**EXERCISE**
Reproduce exactly the first line of the material below and every line after it, ending with the line that contains "Join the LessonStream membership Also". No pictures should be copied.

**DATA EXTRACT**
=== Section Start ===

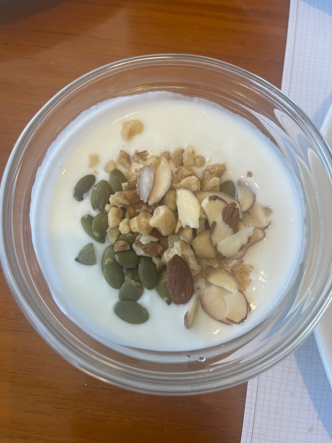 일곱 살 막내는 옷갖 과일과 요거트를 가져왔길래 샐러드를 곁들어 주었습니다. 샐러드는 또 엄마 몫이 되었지만요 :(
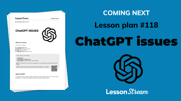 Join the LessonStream membership Also in the LessonStream Membership: • Resources: Lesson plan #118 (coming next week) will allow you and your students to explore issues around ChatGPT. Join the LessonStream membership
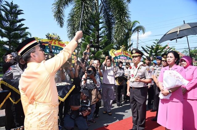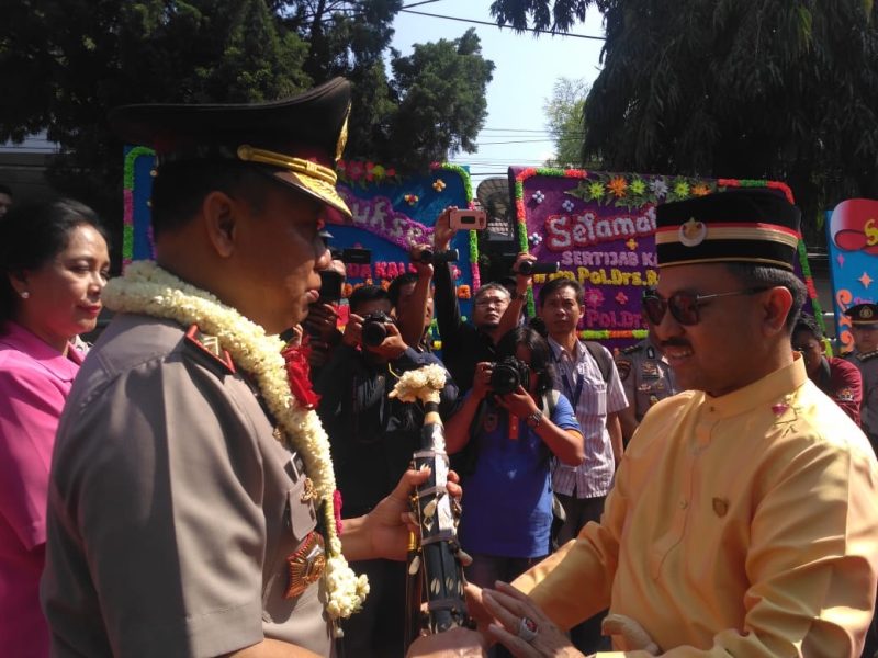 Suarindonesia – Penyambutan Kepala Polisi Daerah Provinsi Kalimantan Selatan, Irjen Pol Drs. Yazid Fanani M.si diwarnai dengan upacara khas adat kebudayaan Banjar oleh tokoh masyarakat Kalimantan Selatan, Sultan Banjar Sultan Khairul Saleh Al-Mu’tashim Billah di Markas Polisi Daerah Kalimantan Selatan, Sabtu (8/9/2018).

=== Section End ===

**OUTPUT BELOW**
 일곱 살 막내는 옷갖 과일과 요거트를 가져왔길래 샐러드를 곁들어 주었습니다. 샐러드는 또 엄마 몫이 되었지만요 :(
 Join the LessonStream membership Also in the LessonStream Membership: • Resources: Lesson plan #118 (coming next week) will allow you and your students to explore issues around ChatGPT. Join the LessonStream membership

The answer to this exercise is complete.